Leaving out the images, reproduce every line of the data that follows exactly.
┌─ Records for processing
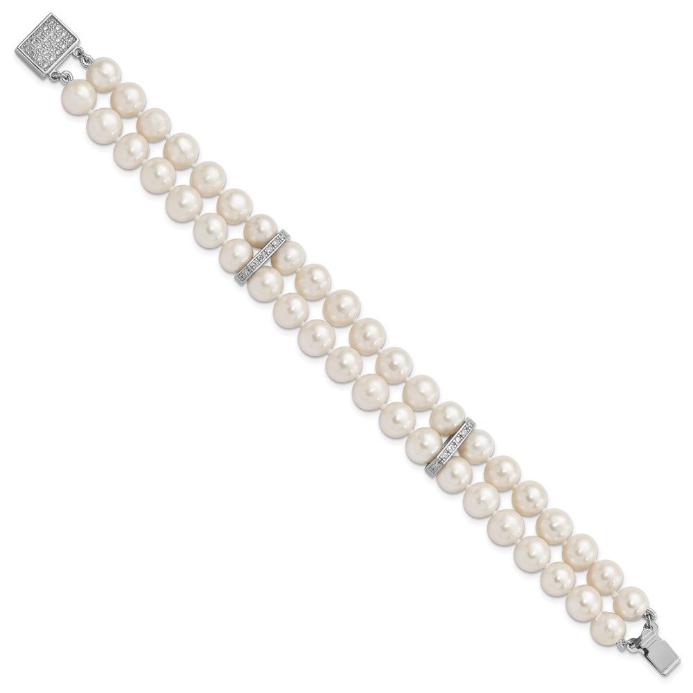 Sterling Silver Rhodium-plated 7-8mm White Near-round Freshwater Cultured Pearl and CZ 2-Strand 7 inch Bracelet
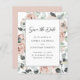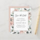 Budgetkort för Blommigten Eucalyptus Bröllop spara datum i Ro ... Vår romantiska blommigt Spara datumkortet har en arrangemang av lush dammig rosa ros och eukalyptus greenery som sätter bröllop spara på texten i modern kalligrafi och elegant serif-typografi. Baksidan av det här överkomliga kortet innehåller webbplatsinformation för bröllop och en grafikmall för QR-kod som du kan ersätta med en egen (eller ta bort). All exempeltext på båda sidor av kortet (förutom textbilden Spara datum) kan enkelt revideras med egna uppgifter om anpassningsmallen.
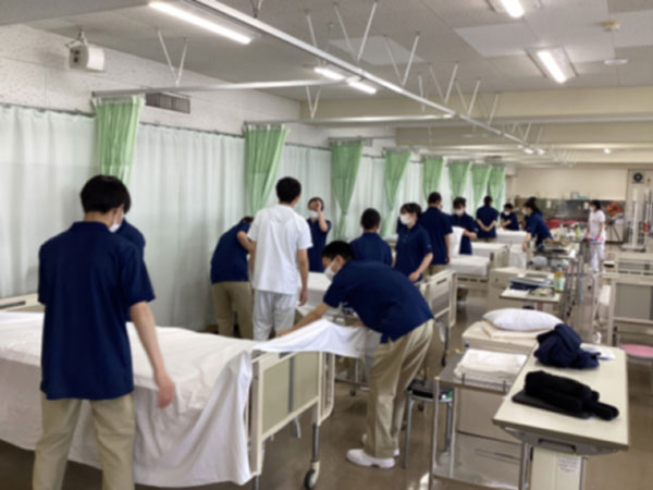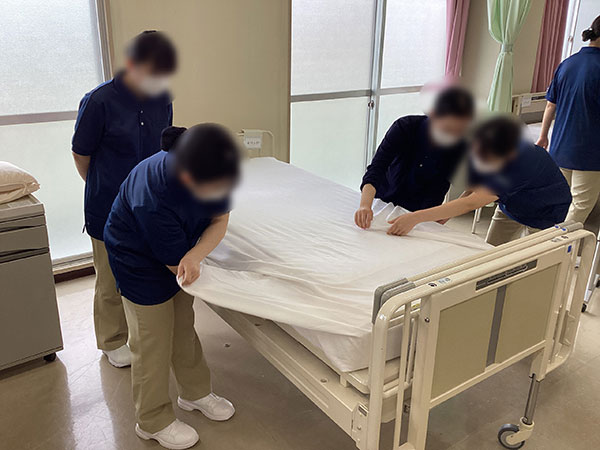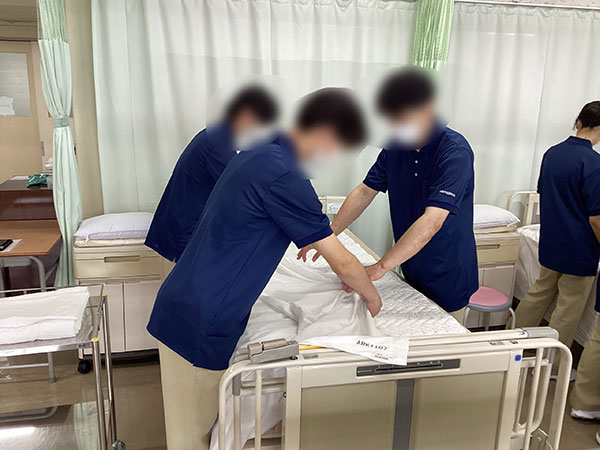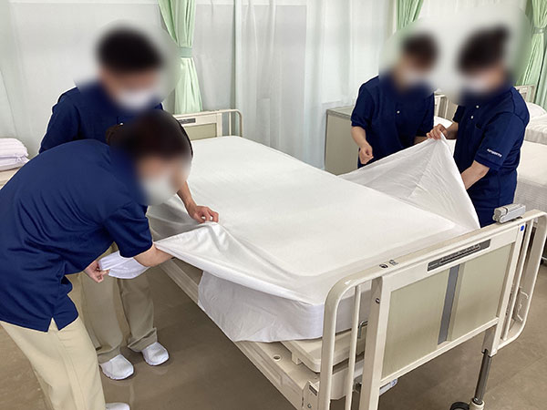 先生のデモンストレーションを参考にしながら、必要物品の準備~最終的にベッドを整えるまで実施しました。
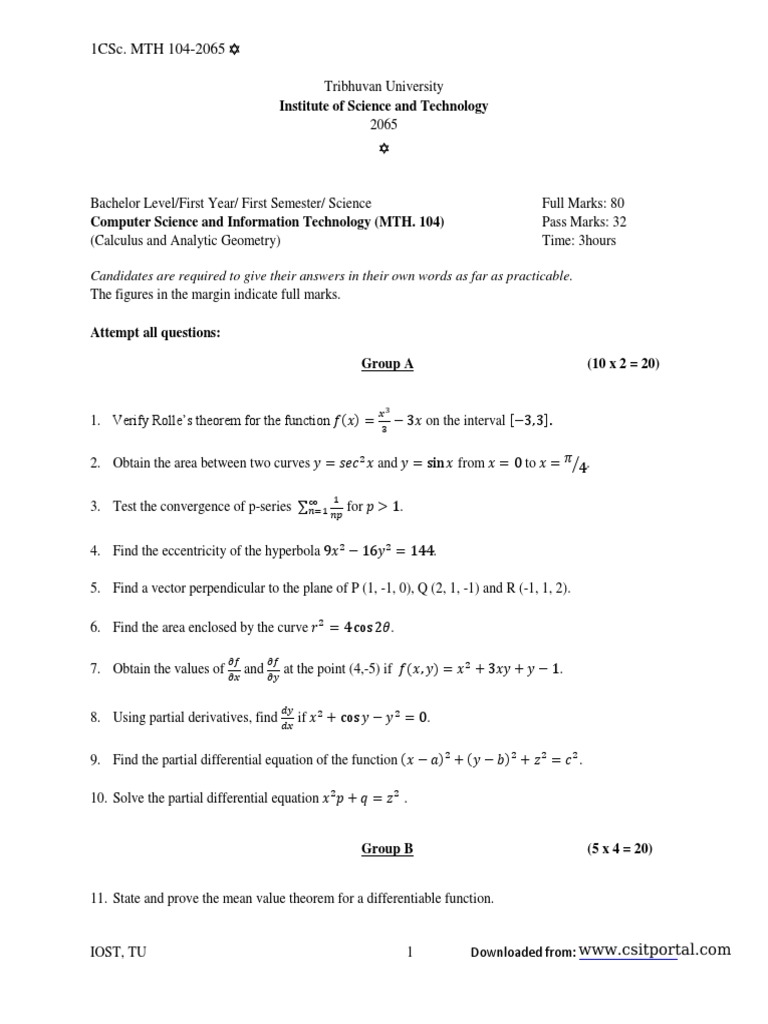 Computer Science and Information Technology (MTH. 104) Pass Marks: 32
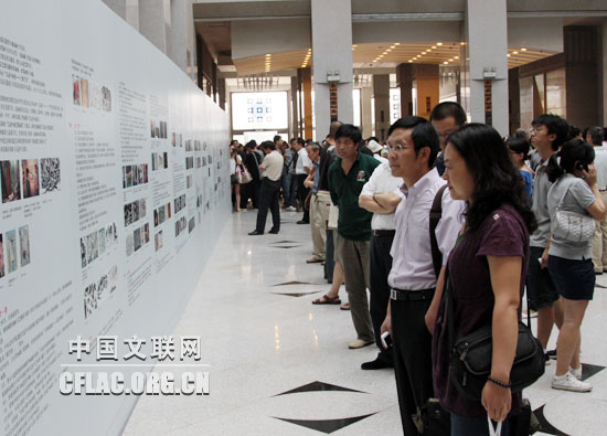 8月29日是美术家吴冠中91岁诞辰纪念,在这一天,由中国文联、清华大学共同主办的“向人民艺术家致敬——吴冠中先生追思会暨清华大学吴冠中艺术研究中心成立仪式”在清华大学举行。图为来宾在追思会前观看介绍吴冠中生平的展板。中国文联网 崔凯 摄
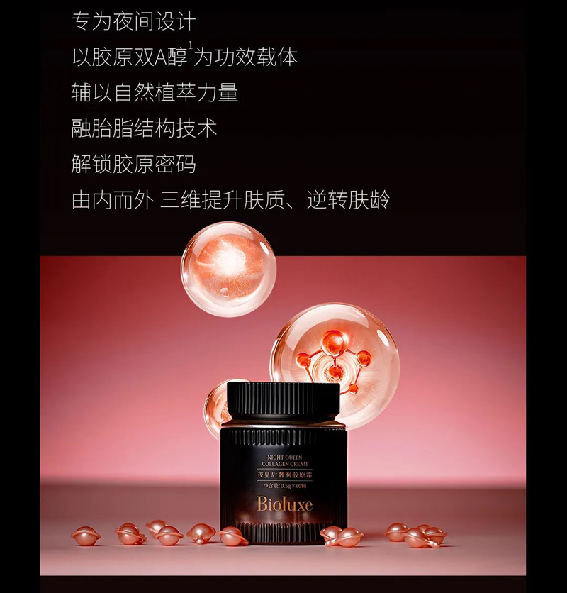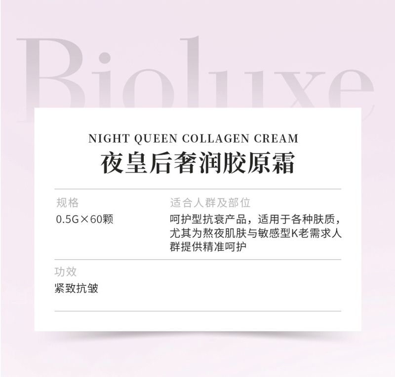 • 商品名称:BIOLUXE夜皇后奢润胶原霜0.5g*60颗 加护屏障/厚脸皮、深补胶原/不跨脸、丝滑柔润/不卡粉
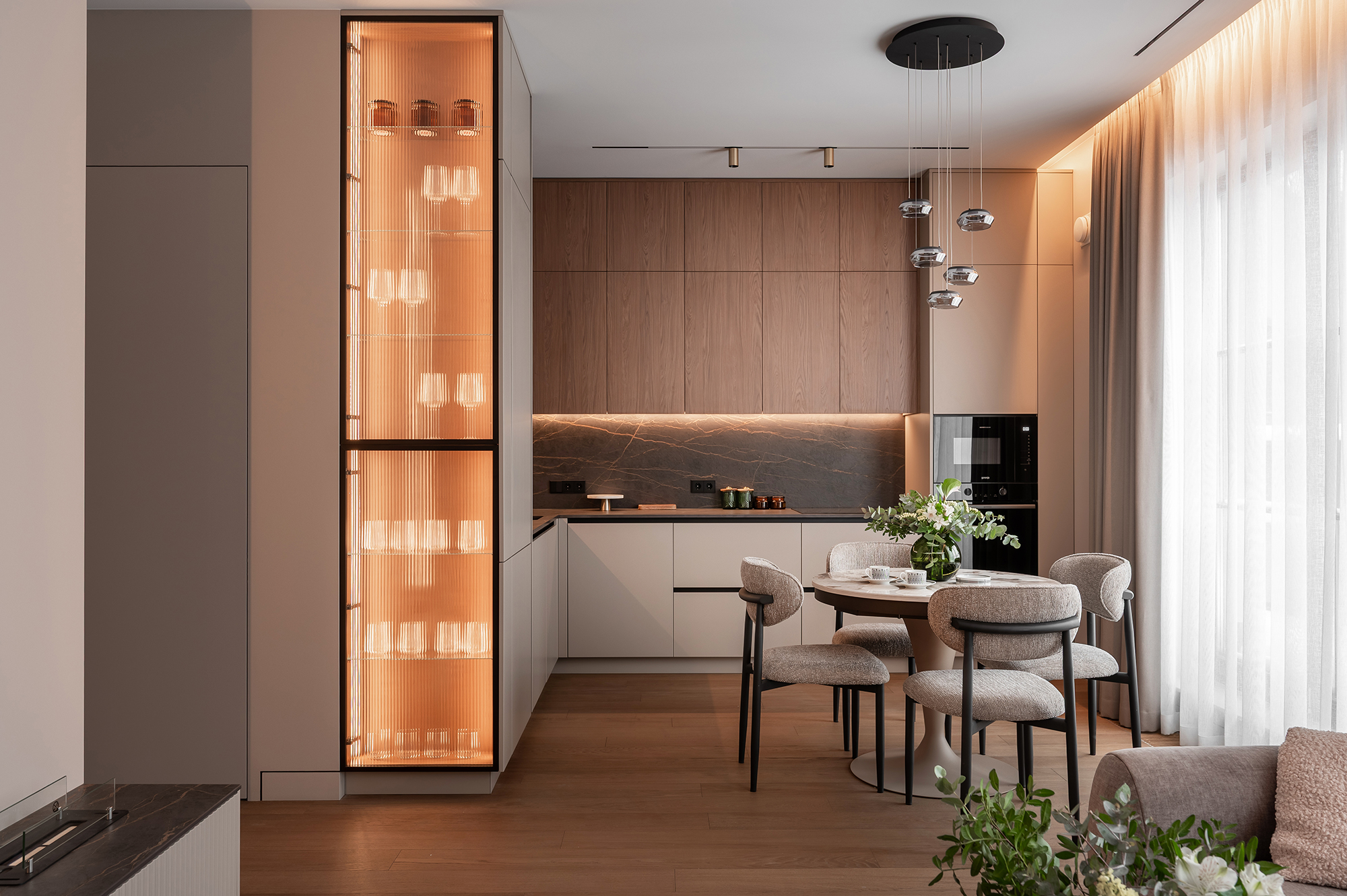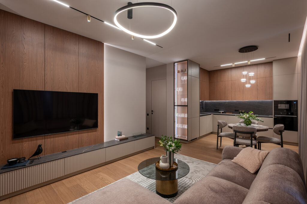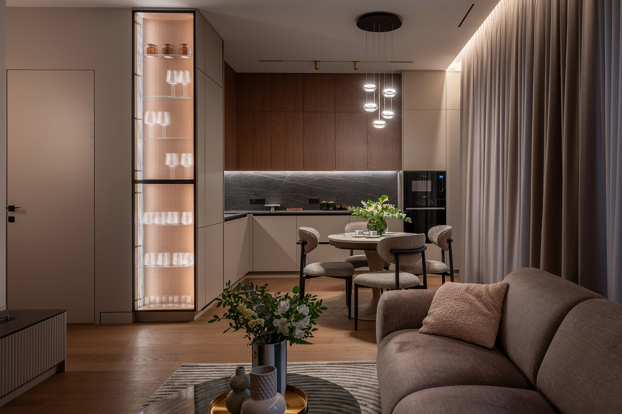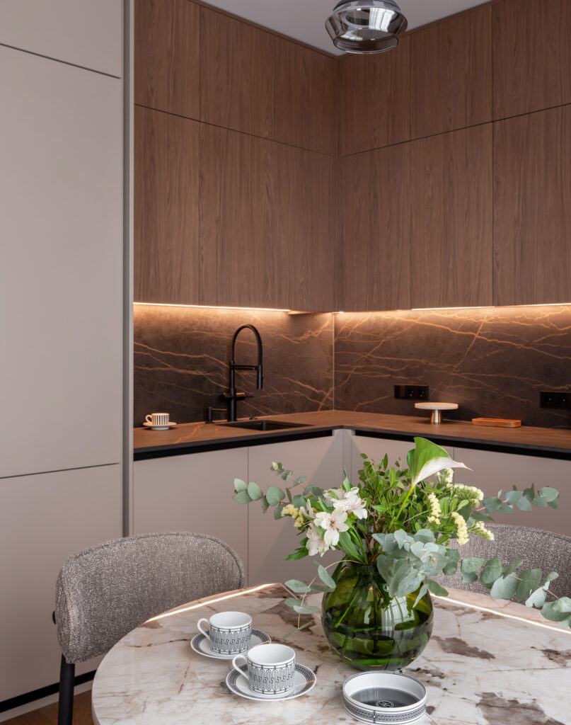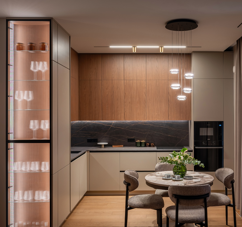 Здесь важно было создать не просто функциональность, а атмосферу. Чтобы утром было приятно входить в кухню с мягким тёплым светом, днём пространство работало удобно и логично, а вечером квартира превращалась в уютную, спокойную среду для отдыха.
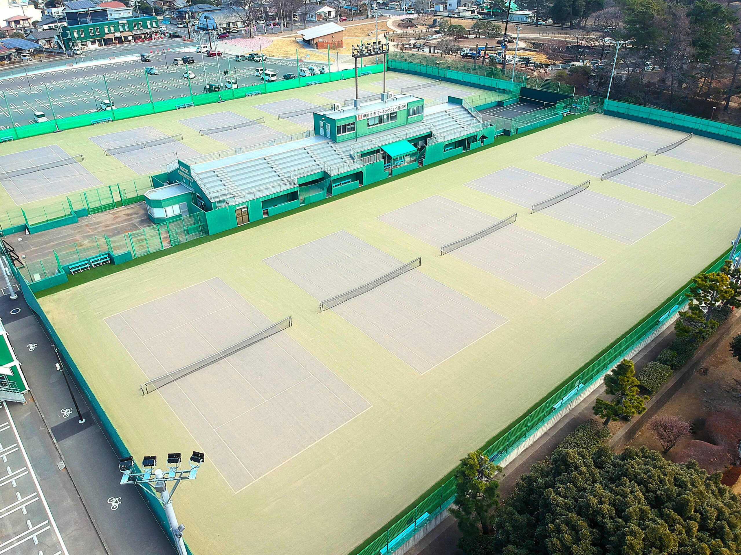 伊勢崎市庭球場は華蔵寺公園にある市営のテニス場で、体育館や陸上競技場、野球場など華蔵寺公園運動施設のひとつです。テニス場の敷地中央には観客席があり、観覧席の南側に6面、北側に6面のテニスコート、南北のテニスコートから利用できるよう敷地の中央、観客席の隣に1面の壁打ちコートがあり、伊勢崎市内外のテニス愛好家の皆様に親しまれています。
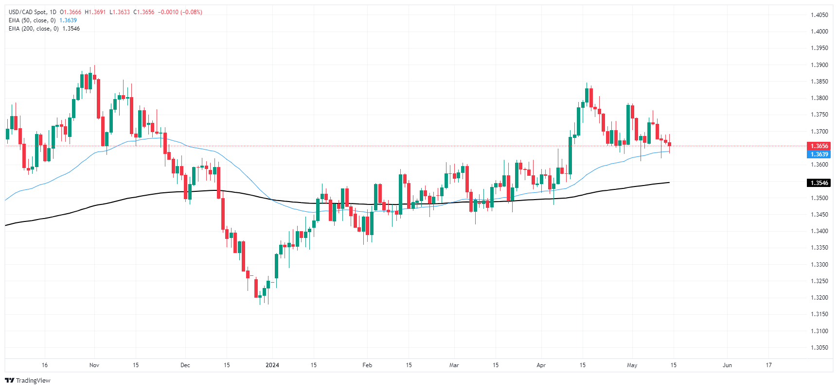 USD/CAD slid back into a familiar demand zone below 1.3660, but the pair is treading water in the near term. Bids continue to cycle near the 200-hour Exponential Moving Average (EMA) at 1.3691.
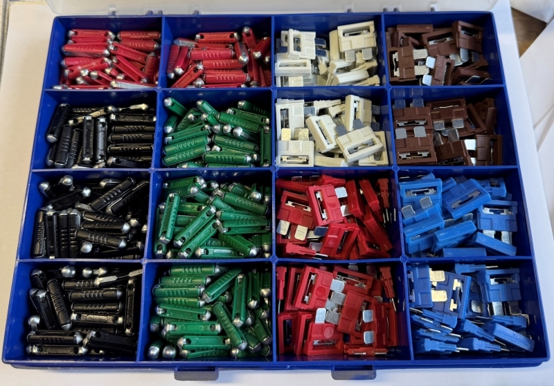 600 stk. sikringer i forskjellige størrelser.
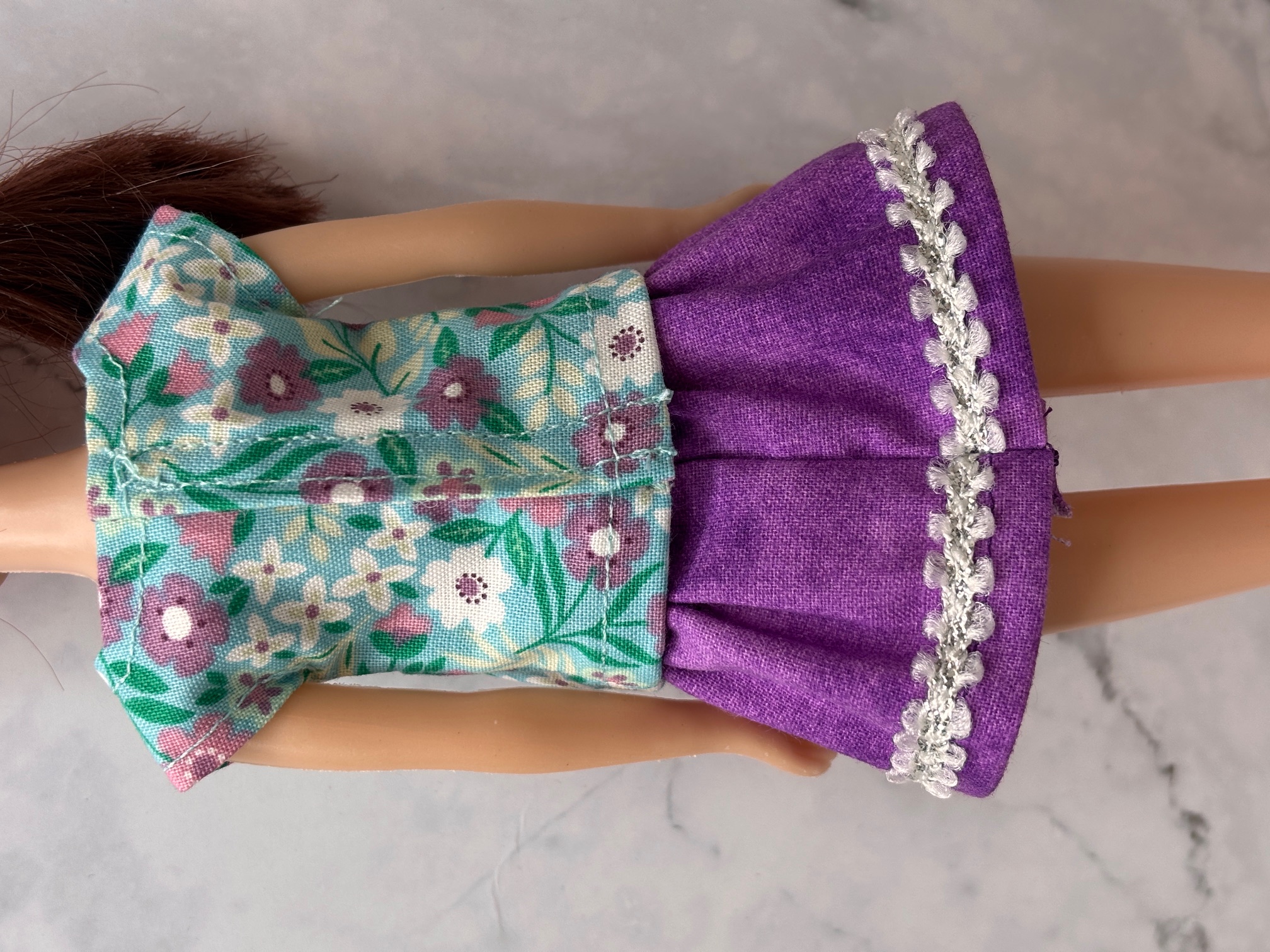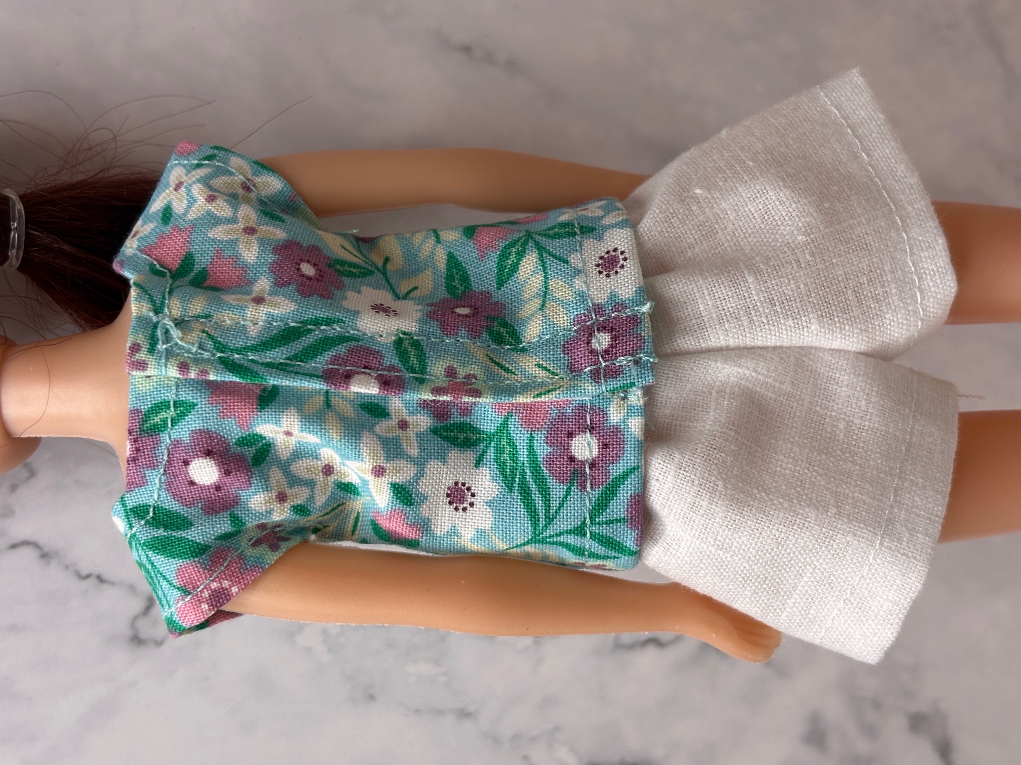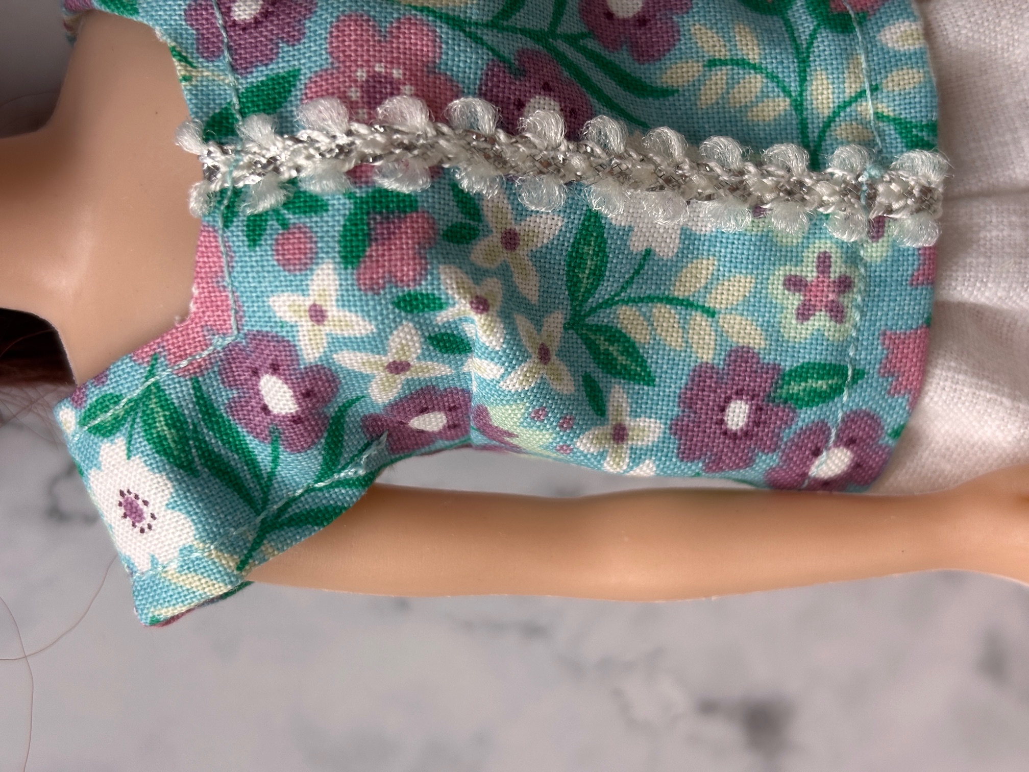 These doll clothes are made from mostly cotton fabric and sewn on a sewing machine.
└─
■ Your solution
 Sterling Silver Rhodium-plated 7-8mm White Near-round Freshwater Cultured Pearl and CZ 2-Strand 7 inch Bracelet
 Budgetkort för Blommigten Eucalyptus Bröllop spara datum i Ro ... Vår romantiska blommigt Spara datumkortet har en arrangemang av lush dammig rosa ros och eukalyptus greenery som sätter bröllop spara på texten i modern kalligrafi och elegant serif-typografi. Baksidan av det här överkomliga kortet innehåller webbplatsinformation för bröllop och en grafikmall för QR-kod som du kan ersätta med en egen (eller ta bort). All exempeltext på båda sidor av kortet (förutom textbilden Spara datum) kan enkelt revideras med egna uppgifter om anpassningsmallen.
 先生のデモンストレーションを参考にしながら、必要物品の準備~最終的にベッドを整えるまで実施しました。
 Computer Science and Information Technology (MTH. 104) Pass Marks: 32
 8月29日是美术家吴冠中91岁诞辰纪念,在这一天,由中国文联、清华大学共同主办的“向人民艺术家致敬——吴冠中先生追思会暨清华大学吴冠中艺术研究中心成立仪式”在清华大学举行。图为来宾在追思会前观看介绍吴冠中生平的展板。中国文联网 崔凯 摄
 • 商品名称:BIOLUXE夜皇后奢润胶原霜0.5g*60颗 加护屏障/厚脸皮、深补胶原/不跨脸、丝滑柔润/不卡粉
 Здесь важно было создать не просто функциональность, а атмосферу. Чтобы утром было приятно входить в кухню с мягким тёплым светом, днём пространство работало удобно и логично, а вечером квартира превращалась в уютную, спокойную среду для отдыха.
 伊勢崎市庭球場は華蔵寺公園にある市営のテニス場で、体育館や陸上競技場、野球場など華蔵寺公園運動施設のひとつです。テニス場の敷地中央には観客席があり、観覧席の南側に6面、北側に6面のテニスコート、南北のテニスコートから利用できるよう敷地の中央、観客席の隣に1面の壁打ちコートがあり、伊勢崎市内外のテニス愛好家の皆様に親しまれています。
 USD/CAD slid back into a familiar demand zone below 1.3660, but the pair is treading water in the near term. Bids continue to cycle near the 200-hour Exponential Moving Average (EMA) at 1.3691.
 600 stk. sikringer i forskjellige størrelser.
 These doll clothes are made from mostly cotton fabric and sewn on a sewing machine.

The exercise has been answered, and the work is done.